第 180 話 王都の夜1
「じゃあ……行くよ、エシャー。父さんも1週間で戻る予定だから……帰ってきたらすぐ会えるよう、大臣にもお願いしておくよ」
ルエルフ村を出て以来4度目となる「 父娘の別れ」を、ルロエは 名残惜しそうにエシャーに告げる。
「うん! じゃあ、気を付けてね」
対するエシャーはあっけらかんと答えた。こちらは逆に4度目ともなると「父娘の別れ」にも慣れ、まるで日常的に父親を送り出す程度の態度だ。ルロエはこの短期間で我が 娘の「親離れ」が一気に進んだ様子を感じ取り、寂しいような嬉しいような、複雑な笑顔を浮かべた。
「ではルロエさん。お嬢さんはこちらで安全にお預かりしますのでご心配なく」
色の抜けかかった金髪が多く見受けられる初老の女性がルロエに声をかける。丁寧な口調ながら、その声には「保護者」に早々の退場を促す厳しさを含んでいた。
「ええ……では……よろしくお願いします。じゃあな、エシャー」
ルロエは踏ん切りをつけるため、最後の挨拶という感じでエシャーに声をかけると、背後に停車してある馬車の扉を開き乗り込んだ。車内には大臣ビデルが座り書類に目を通している。
「終わったか? では行こう……」
扉が閉まる間際にビデルの声が聞こえた。馬車は静かに進み去っていく。数十メートルほど見送ると初老の女性が口を開いた。
「さあ、では中へ入りましょうか? エシャー」
女性の促しに従い、エシャーは鉄柵に囲まれた寄宿舎の庭へ歩み出す。
「食後のミーティングで皆さんにはご紹介しますから、先ずは部屋で着替えてらっしゃい」
「はい……ミリンダ……さん?」
エシャーは確認するように答えた。しかし、女性は前方を向いたまま歩みを止めず、事務的な口調で応じる。

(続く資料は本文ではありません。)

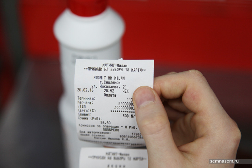 — У нас в кассовых системах обновление приходит из Москвы, чья это была идея и почему это появилось на чеке, не знаем, — сказала администратор магазина «Спортмастер» Екатерина Гусарова. — Уже примерно месяц у нас на всех чеках — наличных, безналичных, в дополнительных скидках — печатается, чтобы не забывали приходить на выборы 18 марта.
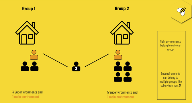 The linked work environments feature allows you to seamlessly manage multiple Beeple environments. This system connects various Beeple URLs, consisting of a "main environment" and one or more "subenvironments," into a single group.

「エシャー。私の事は『学長』とお呼びなさい。自己紹介で名乗ったのはあなたに対してではなく、お父様に対してです。それもビデル大臣自らが、国王直々の特令書を御持参なさったからに他なりません。たとえ僅かな期間とはいえ、あなたには学舎の決まりを守っていただく義務があることを覚えておきなさい」
ミリンダは静かに歩きながら厳しく教え 諭す口調でエシャーに告げる。エシャーは勝手の違うこの女性の雰囲気に戸惑いながらも、改めて答えた。
「はい……学長……で良いんですか?」
ミリンダはピタリと足を止め、冷ややかな目でエシャーを 見下す。
「ええ。宜しくてよ。もう覚えたわね?」
エシャーはコクリと頷いた。ミリンダも小さく頷き返すと、再び建物に向かって歩み出す。
なんだか……おもしろそうな人だなぁ……
エシャーは自分が知らないタイプの大人の女性に興味を抱き、ミリンダの真っ直ぐに伸ばした姿勢の良い背中を見つめながらその後について行った。
―・―・―・―・―・―・―
「では皆さんにご紹介いたします」
エシャーはミリンダに連れられ、寄宿舎食堂の正面に立たされていた。夕食の時間だったという事もあり、無人の寄宿舎をサッと案内され自室へ通された。用意されていた指定の室内着の上から紫色の室内ローブを着ると、すぐに連れられて来たのだ。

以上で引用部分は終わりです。